Producer that checks consumer health

async function ingestEvents(stream: EventStream, queue: BoundedQueue<Event>) {
  for await (const event of stream) {
    // Check queue depth before producing
    while (!queue.enqueue(event)) {
      // Queue is full -- slow down instead of dropping or buffering in memory
      await new Promise((r) => setTimeout(r, 100));

      // Or: if events are time-sensitive and stale ones are worthless, drop
      // logger.warn("Queue full, dropping event", { eventId: event.id });
      // break;
    }
  }
}

The Cascading Failure Connection

Missing backpressure is how one slow service takes down an entire system:

  1. Service B gets slow (database issue, GC pause, whatever)
  2. Service A calls Service B. Requests pile up in A's outbound connection pool.
  3. Service A's connection pool fills. A can't make any new connections -- to B or anyone else.
  4. Service A becomes slow for ALL callers, not just the ones that need B.
  5. Services C, D, E that call A now have the same problem.
  6. The entire system is down because one database query got slow.

Circuit breakers (see Distributed System Fallacies skill) cut the cascade by failing fast. Backpressure prevents the buffer accumulation that leads to the cascade in the first place.

Anti-Patterns

// Unbounded queue: grows until OOM
const queue: Task[] = [];
function enqueue(task: Task) { queue.push(task); } // No size check

// Promise.all on dynamic array: 500k concurrent operations
await Promise.all(userIds.map(id => processUser(id)));

// Fire-and-forget in a loop: saturates connection pool
for (const row of rows) { db.insert(row).catch(console.error); }

// Producer ignores consumer: pushes to Redis queue without checking depth
for await (const event of stream) { await redis.lpush("queue", JSON.stringify(event)); }

// Database as unbounded queue: table bloat causes positive feedback loop
// INSERT ... (fast) vs SELECT ... ORDER BY created_at LIMIT 1 (slow on 10M rows)

Related Traps

  • Memory Leaks -- an unbounded buffer is a memory leak.
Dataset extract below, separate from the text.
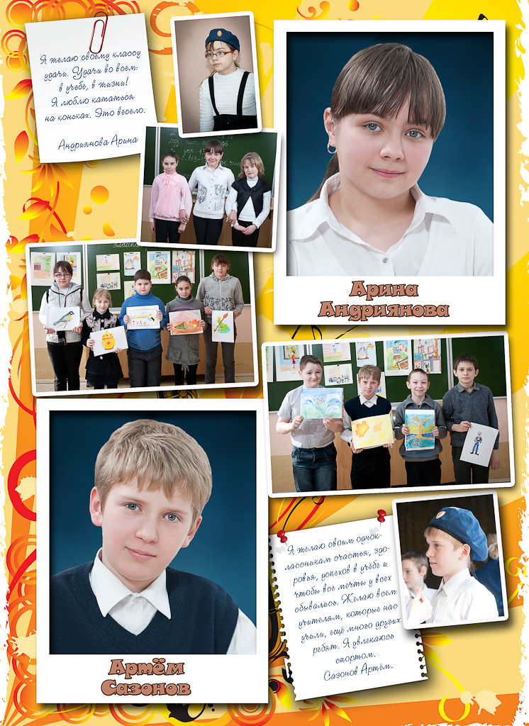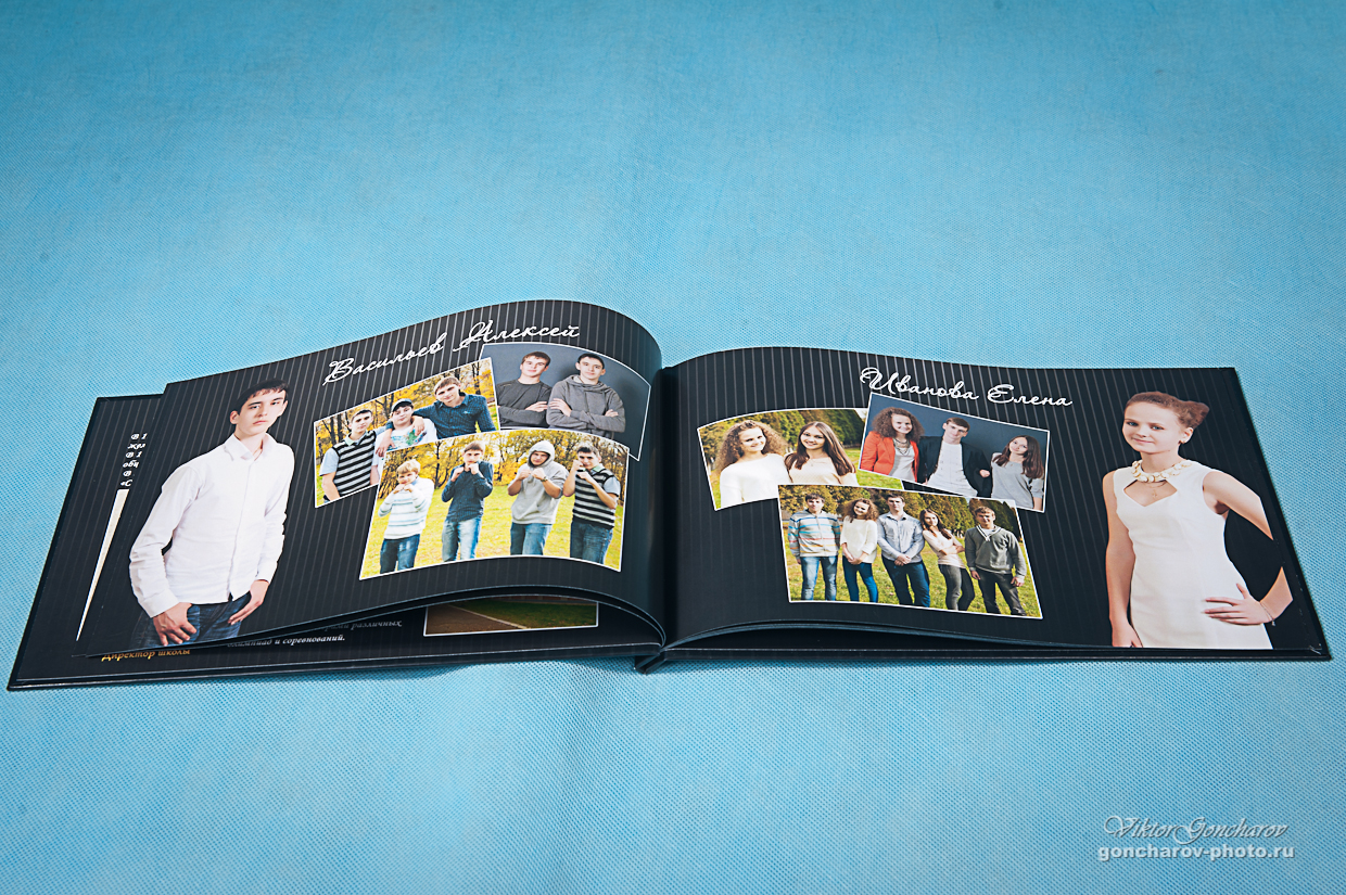 Каждый макет для выпускного фотоальбома, не смотря на наличие макетов, наш дизайнер придумывает практически заново, используя фотографии выпускников в каждом конкретном случае.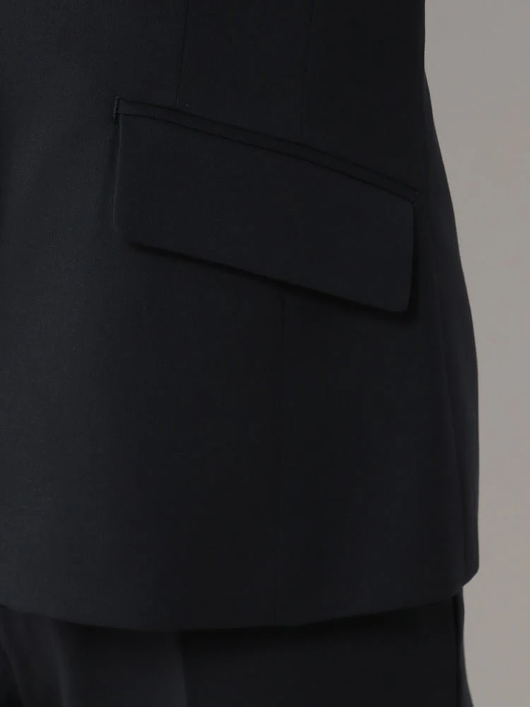 ベーシックな2ボタンタイプで、斜めに施したフラップポケットがアクセント。

Backpressure and memory leaks are two views of the same problem: data accumulating without bound.
  • Distributed System Fallacies -- fallacy #3 (bandwidth is infinite) is a backpressure problem. Circuit breakers complement backpressure by failing fast when a dependency is overwhelmed.
  • Thundering Herd -- when a backed-up queue finally drains (consumer recovers or scales up), the burst of processing can overwhelm downstream services.
  • Retry Storms -- retries without backoff are a backpressure violation. Each retry adds more work to an already-overwhelmed system.